Caserta, quattro giorni per sciogliere tutti i nodi

Caserta, quattro giorni per sciogliere tutti i nodi

Venerdì 13 maggio il presidente della Pasta Reggia Caserta Raffaele Iavazzi dirà la sua verità e farà chiarezza sul futuro.

La stagione che si è appena conclusa è stata una delle più complicate vissute all’ombra della Reggia negli ultimi anni, ma alla fine è arrivata una preziosa salvezza sul campo che da speranza ai supporters bianconeri di rivedere la Juve calcare i parquet della massima serie.

Il patron Raffaele Iavazzi sta ribadendo da molto tempo di non potersi permettere ulteriormente di sostenere da solo le ingenti spese che una società di basket di Serie A richiede e mai come stavolta è probabile che, seppure a malincuore, prenda la decisione di liberarsi da questo onere.

Venerdì prossimo Iavazzi terrà una conferenza stampa al PalaMaggiò in cui dovrà spiegare varie cose sulla gestione relativa alla stagione appena conclusa e dovrà ”ufficializzare” le sue decisioni in merito al futuro, anche se ci sono davvero poche possibilità che possa cambiare idea.

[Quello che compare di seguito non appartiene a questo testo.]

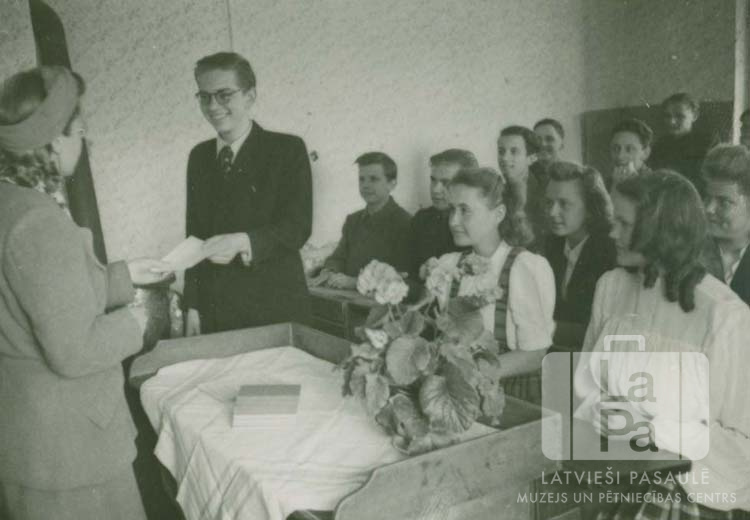 Skolotāja M. Rozentāle skolēnu priekšā apsveic audzēkni Māri Ubānu trešajā klasē Hohfeldes nometnē Augsburgā (amerikāņu zonā). No kreisās: skolotāja M. Rozentāle, Māris Ubāns, (pirmajā solā) – Rainis Krīgens un Jānis Indāns.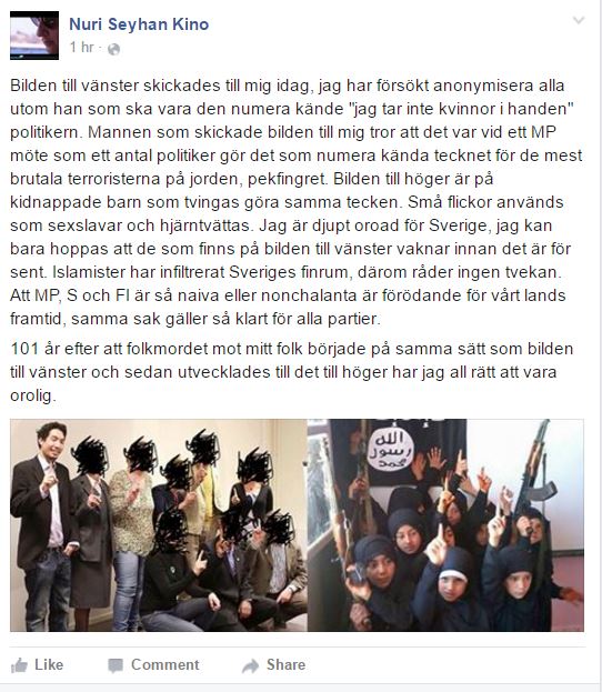 Artikeln, som fått den klargörande rubriken ”VIDEO: Någon tänder eld ovanpå Notre Dame – bildernas äkthet bekräftas av nyhetsbyrå”, är skriven av flitige påläggskalven Simon Kristoffersson. Rubriken fastställer med all önskvärd tydlighet att branden var anlagd. Artikeln avslutas, efter att Kristoffersson fyllt den med alla ”bevis” som cirkulerat runt i sociala medier, med att påpeka hur många attacker som sker mot kyrkor och kristna symboler.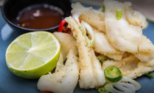 Another welcome addition to the menu is the fact that dishes are marked if they are gluten-free. This saves a lot of to-ing and fro-ing to the kitchen by the staff checking with the chef. Personally I would like to see a few more gluten free options -I'm guessing this could happen if substitutions were made, particularly in the Asian inspired dishes. We decided that four or five plates of food would probably suffice. We ordered the Mediterranean favourite Arancini, an Italian dish of risotto rice balls and mozzarella cheese, dipped in egg and breadcrumbs and deep fried. The exterior was crunchy and salty, which contrasted nicely with the rich, rice interior, and was balanced with the lemon aioli. A dish of Squid came lightly coated in salt and pepper breadcrumbs, fresh and slightly chewy, with a slight peppery aftertaste. It only needed a squeeze of of lime but there was also a sweet chilli sauce which came in a little ceramic bowl.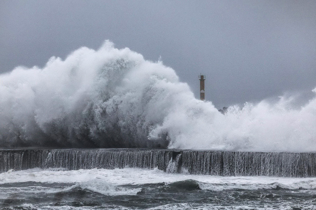11月11日,台湾宜兰,台风“凤凰”逼近,海浪拍打着海堤。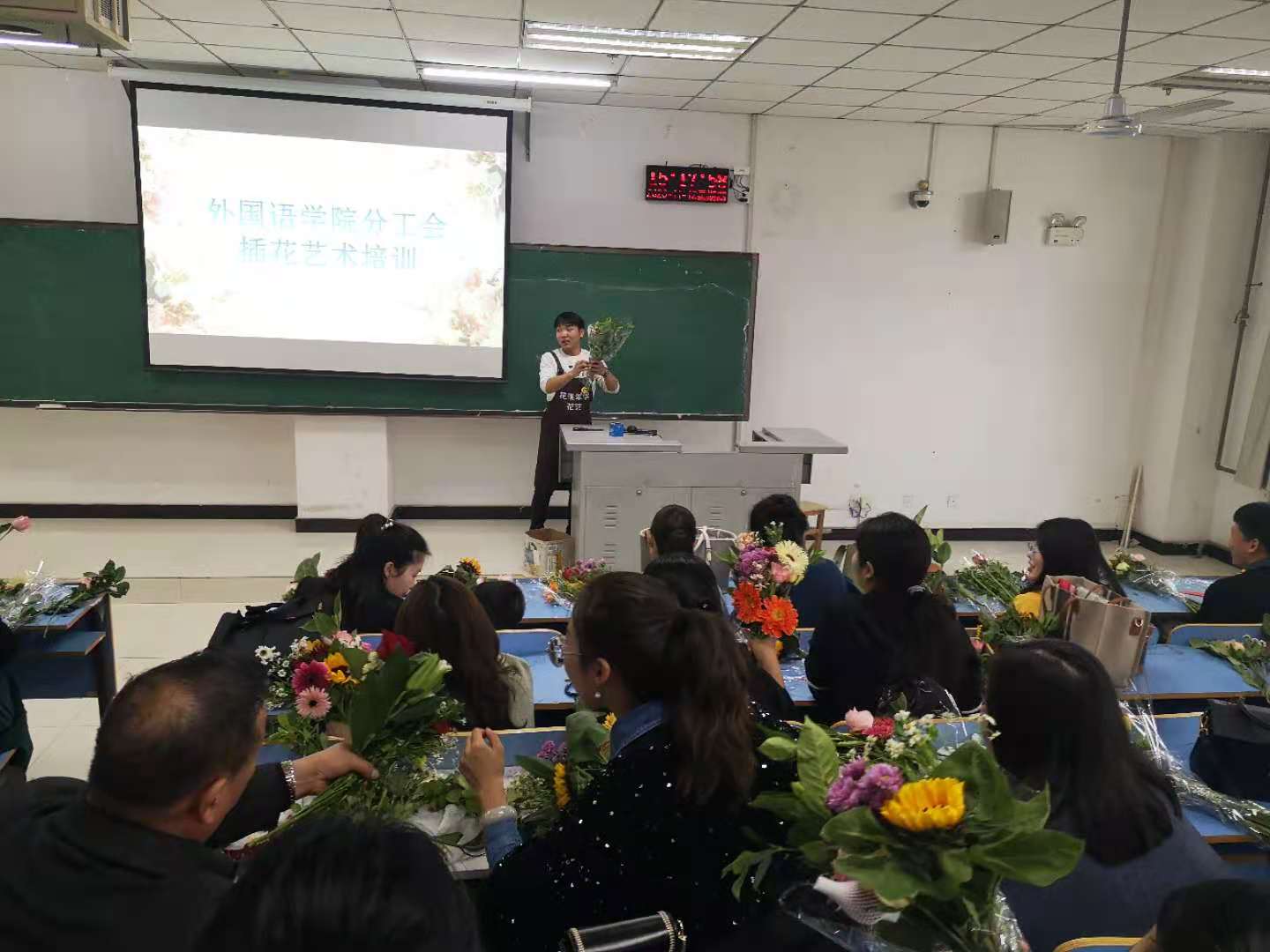 11月12日下午,公司分工会在L701举行插花活动。本次插花活动意在丰富公司教职工文化生活,构建和谐校园,陶冶教师情操,展示公司教职工美的一面,借用花木来抒发教师们的高雅情怀,以花感人,以花育人。同时培养教职工知美、爱美、会美的美好生活情趣,美化生活,美化家庭,丰富教职工业余生活爱好。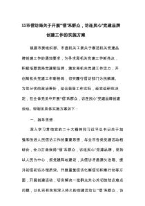 信访局通过创建“信”系群众访连民心党建品牌,强化服务意识,提升工作效能,密切联系群众,促进社会和谐。以下由网友整理分享的XX市信访局关于开展“‘信’系群众,访连民心”党建品牌创建工作的实施方案相关文档,供您学习参考,喜欢就分享吧!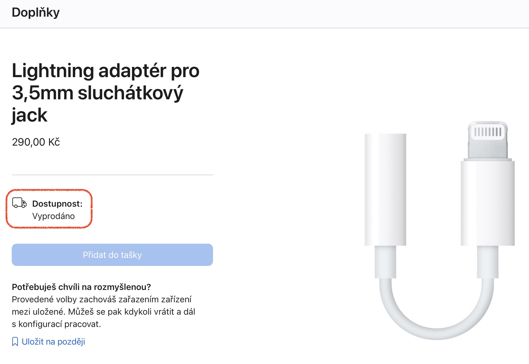 Že se produktová nabídka Applu neustále mění je vzhledem k tomu, že Apple pravidelně představuje nové generace svých produktů, kterými nahrazuje generace předešlé, naprosto pochopitelné. Faktem však je, že konec prodejů některých doplňků z jeho dílny přesto dokáže svým způsobem překvapit. Přesně to platí ostatně i pro adaptér Lightning/3,5mm audio jack, který prodával Apple přes svůj Online Store za 290 Kč. Nyní si však začali jablíčkáři všímat, že jeho eshop hlásí „vyprodáno“,stejně jako sklady v kamenných Apple Storech.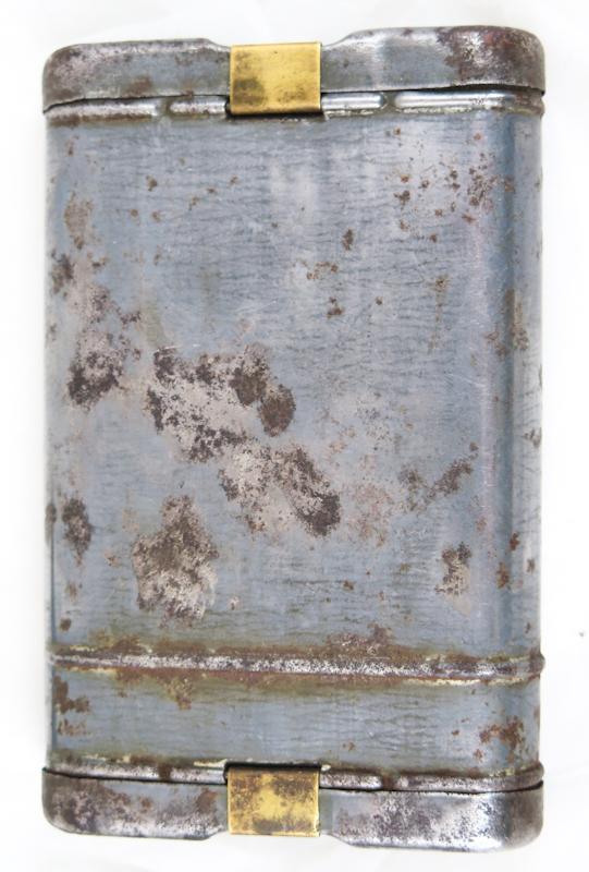 ENG WW2 German Wehrmacht/Waffen-SS rifle cleaning kit 34, Reinigungs gerät 34. Metal case with complete cleaning kit, oiler, two brushes, chain and tool.  Unpainted early model, marked "G.Appel 1937" and WaA mark. Oiler marked Hawig, in sound condition.  Chain G.Appel and WaA marked.  Nice early war case with mismatched parts. Good set to complete soldiers set!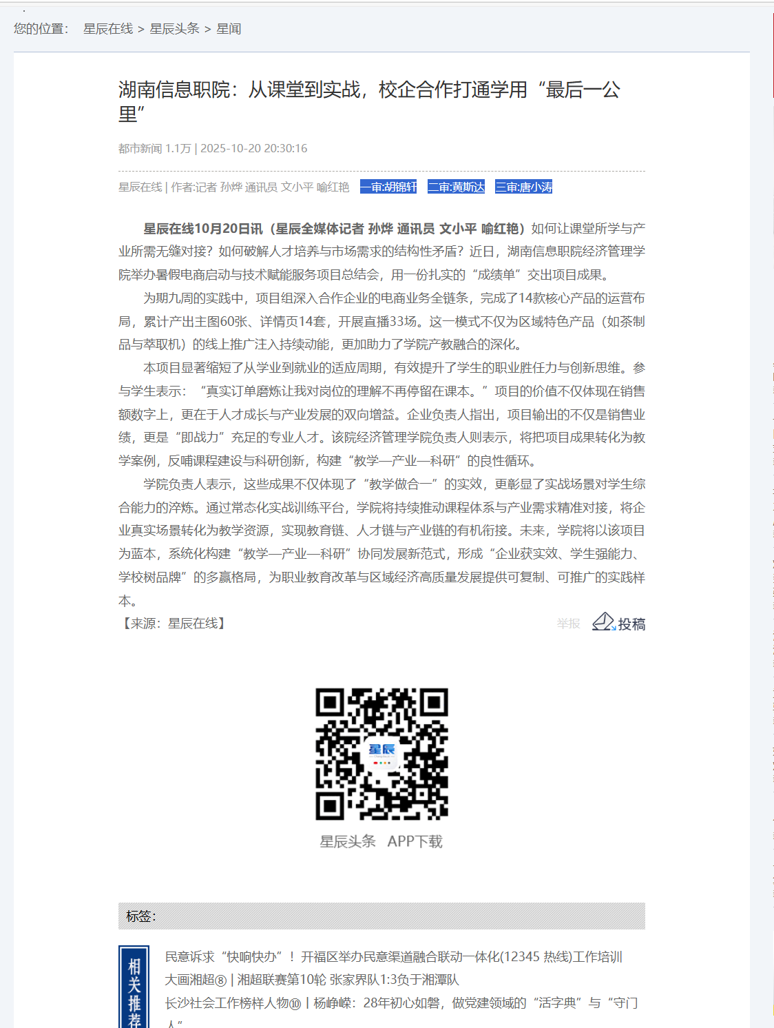10月20日,星辰在线发布《湖南信息职院:从课堂到实战,校企合作打通学用“最后一公里”》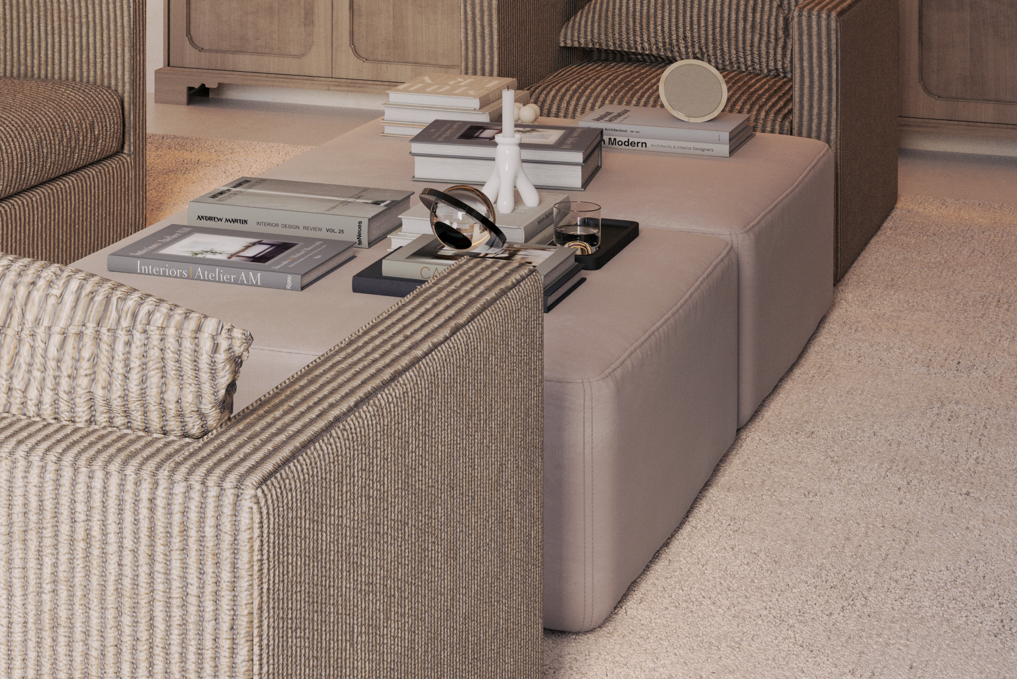 interior shot replace the current puffs with books on top with the footrest attached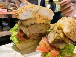 The hamburger meat is very thick and juicy. It is hard to bite it in one bite and needs to be cut into pieces before eating.

A questo punto l’unica speranza per Caserta di iscriversi al prossimo campionato di A1 è quella di vedere nuovi soci subentrare nella compagine societaria, ma, come detto, non sono mai arrivati segnali incoraggianti dal territorio in tal senso. È altamente improbabile che possa presentarsi un unico soggetto in grado di rilevare l’intero pacchetto azionario della società e sostituirsi in tutto e per tutto a Iavazzi, piuttosto è importante cercare di ampliare la base di soci, cercando di far entrare più soggetti che, pur non accollandosi una quota troppo alta, possano permettere a Iavazzi di diminuire pesantemente il suo impegno.

Ovviamente sarebbe bene accetto un maggiore contributo degli sponsor già presenti o l’ingresso di nuovi, ma anche su quel fronte non è facile per la Juve trovare opportunità, nonostante la presenza di una buona base di tifosi.

A questo punto bisogna solo aspettare venerdì per scoprire se c’è un ”piano B” per il futuro, oppure anche Caserta, come molte altre piazze storiche della nostra pallacanestro, dovrà rassegnarsi a rinunciare ai palcoscenici che contano.